“Never in the thirty years at sea have I seen two ships so close to destruction” La Pérouse. July 1786
SECTION 6 THE TRAGIC VOYAGE OF La PÉROUSE
Having built a reputation gained during the American War of Independence, during which Jean-François de Galaup, Comte de la Pérouse (23 August 1741 – 1788?) who’s distinguished naval career positioned him as something of a nemesis of the British, following an attempt to gain control of Newfoundland, engagement at Louisbourg, another off St. Kitts. And the sacking of the H.B.C. forts in Hudson Bay. (See Section2 )
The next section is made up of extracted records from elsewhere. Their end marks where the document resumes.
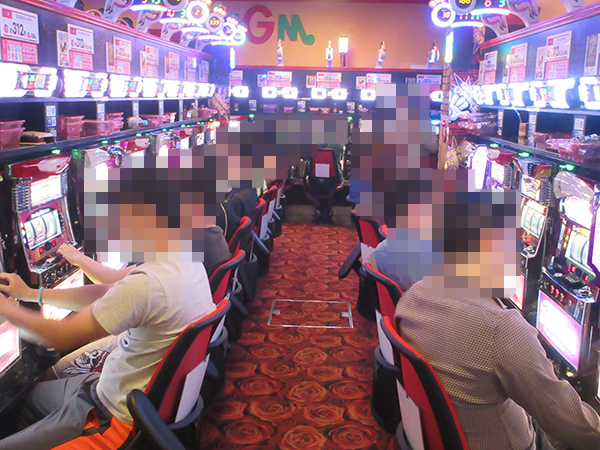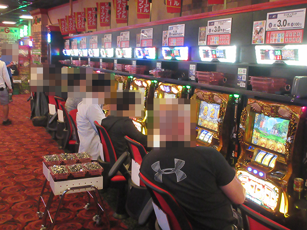 午後のパチスロに目を向けると、「ミリオンゴッド-神々の凱旋-」のにぎわいが大きい。機種の性能を引き出しているといったプレイヤーが多く、シマ全体に魅力的な光景が広がっていた。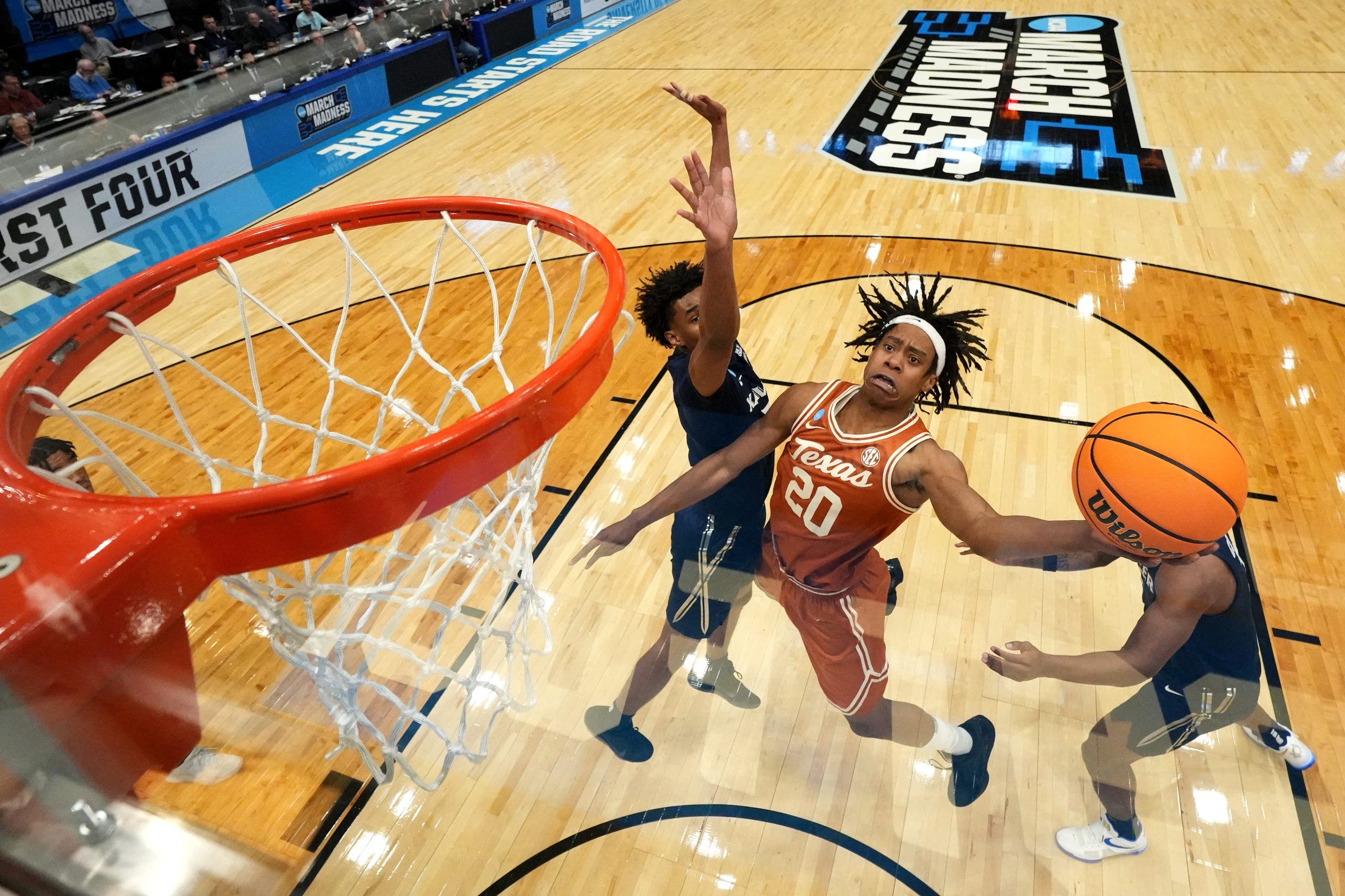 Kaman Maluwatch Khaman Maluwach #9 en la primera mitad del torneo de baloncesto masculino de la NCAA en los últimos cuatro juegos bloquea el balón en la primera mitad. (Fotos de Tyler Shank/NCAA por imágenes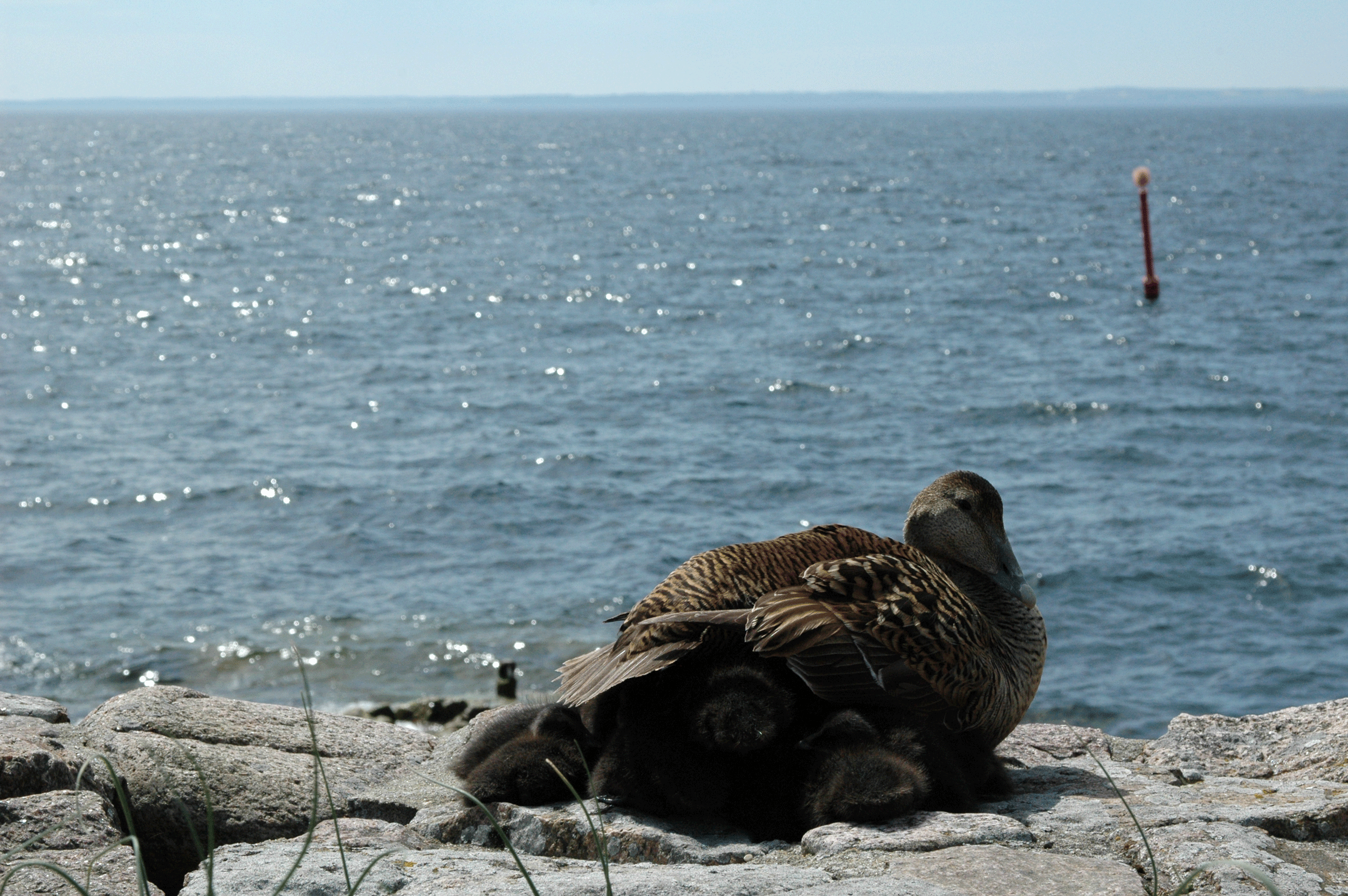 Før 30. maj kunne man se ederfugleællinger med mødre og tanter på havet ud for Saltune, efter 1. juni var der kun nogle få hunner tilbage!
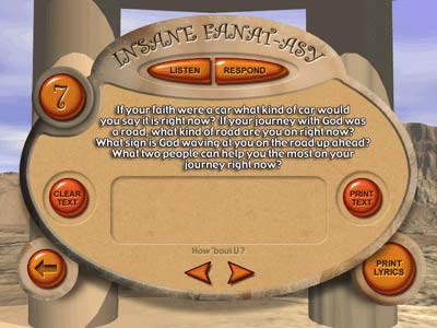 As the CD begins, your students sweep in over the Arabian Desert to the tune of "I Heard a Voice Today" --following Abraham and Sarah on their way to the land of Canaan. Students then come circling into "The Scriptorium" somewhere in the hills of Canaan. A large Scripture Console rises up in front of them. It is through the Scriptorium's Console that they will be able to launch themselves into five distinct learning areas and four additional learning areas.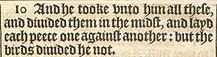 10 And he tooke vnto him all these, and diuided them in the midst, and layd each peece one against another: but the birds diuided he not.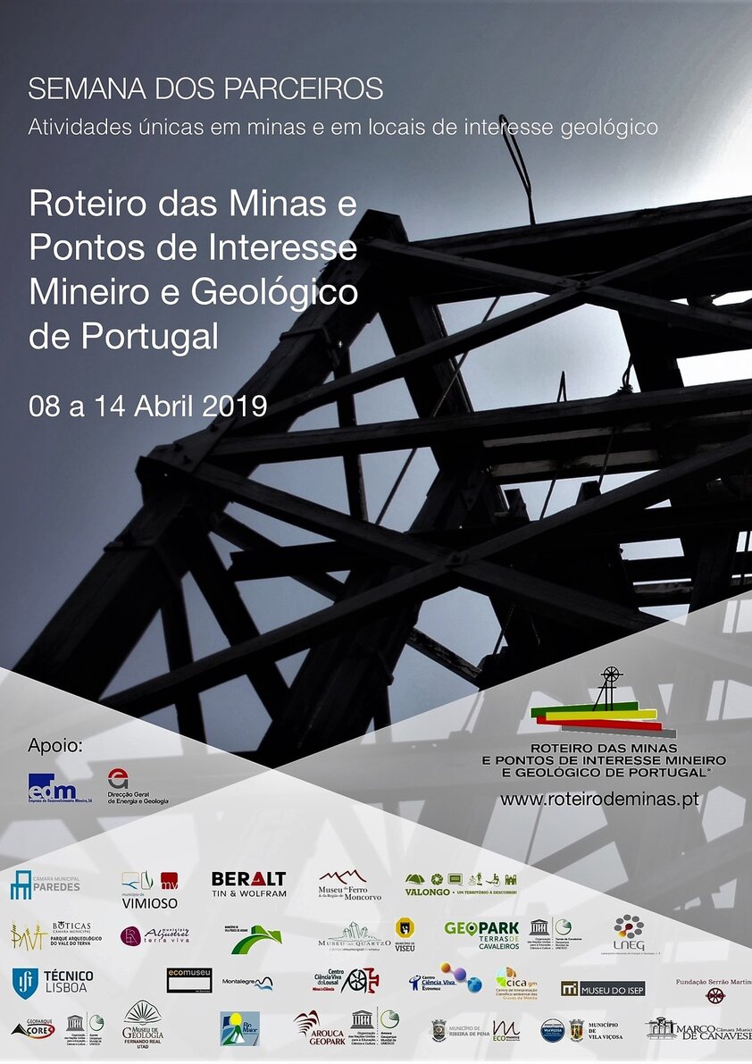 Na semana de 08 a 14 de abril realizar-se-ão diversas atividades, a nível nacional, relacionadas com a geologia e a mineração, da responsabilidade dos Parceiros do Roteiro das Minas e Pontos de Interesse Mineiro e Geológico de Portugal.

Commodore La Pérouse was commissioned by Louis XVI of France to command a round-the-world voyage of discovery in 1785. The purpose the La Pérouse voyage of exploration was to fill in some of the gaps in the charting of the world following Cook's voyages (the latter La Pérouse greatly admired) and prove that Frenchman could also be world class explorers. Thus, he was to seek a North West Passage from the Pacific, and explore the coasts of the
Pacific northwest, before proceeding to the Far East and the South Pacific Islands.
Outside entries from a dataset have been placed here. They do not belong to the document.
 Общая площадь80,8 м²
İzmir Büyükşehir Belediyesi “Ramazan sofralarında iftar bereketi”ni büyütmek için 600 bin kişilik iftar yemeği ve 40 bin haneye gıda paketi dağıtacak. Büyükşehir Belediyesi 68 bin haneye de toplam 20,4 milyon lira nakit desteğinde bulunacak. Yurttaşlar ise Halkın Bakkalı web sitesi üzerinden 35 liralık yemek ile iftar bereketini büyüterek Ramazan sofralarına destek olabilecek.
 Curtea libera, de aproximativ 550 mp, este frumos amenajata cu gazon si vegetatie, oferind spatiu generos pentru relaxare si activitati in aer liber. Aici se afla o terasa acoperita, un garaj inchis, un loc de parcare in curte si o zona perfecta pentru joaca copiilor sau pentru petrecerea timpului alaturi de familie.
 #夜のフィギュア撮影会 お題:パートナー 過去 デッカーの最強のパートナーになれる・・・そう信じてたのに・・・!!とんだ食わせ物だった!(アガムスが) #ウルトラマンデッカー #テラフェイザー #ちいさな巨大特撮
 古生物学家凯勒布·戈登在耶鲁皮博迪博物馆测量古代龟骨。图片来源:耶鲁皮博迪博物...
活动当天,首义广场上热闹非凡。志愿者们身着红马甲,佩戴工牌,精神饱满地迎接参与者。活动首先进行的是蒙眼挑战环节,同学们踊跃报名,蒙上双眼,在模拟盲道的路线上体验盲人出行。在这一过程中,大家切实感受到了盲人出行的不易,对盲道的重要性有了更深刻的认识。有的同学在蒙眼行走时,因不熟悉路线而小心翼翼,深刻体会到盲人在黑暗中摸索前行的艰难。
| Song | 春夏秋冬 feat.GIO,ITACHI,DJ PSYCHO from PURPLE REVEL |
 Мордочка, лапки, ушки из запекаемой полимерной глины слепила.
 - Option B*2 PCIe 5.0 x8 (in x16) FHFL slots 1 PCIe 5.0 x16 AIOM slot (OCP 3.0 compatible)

How the history of Europe might have been changed had not the application of one potential crewmember been denied, that of sixteen-year-old Corsician Lt. Napoleon Bonaparte.
On 23 June 1786 the two frigates ‘La Boussole’ and ‘L’Astrolabe’ were in sight of Mount St. Elias, and entered Port Des Français, today's Lituya Bay, Alaska, on 2 July. While making a survey of the bay, six officers and 15 crew members were lost in a storm.
Sailing south along the North American coast the well-equipped voyage of discovery, which included a 1,200 volume library, weather balloons and some of the latest scientific, instruments, explored the western Pacific during 1787. He became the first European to set foot on Maui. Sending several reports and charts of their progress back to France en-route. In October 1787 La Pérouse had also sent a Russian-speaking officer, Jean Baptiste Barthélemy, Baron de Lesseps (1766-1834) overland from Kamchatka with documents, charts, and journals. De Lesseps traveled through Siberia to St. Petersburg and then to Paris, arriving late in 1788.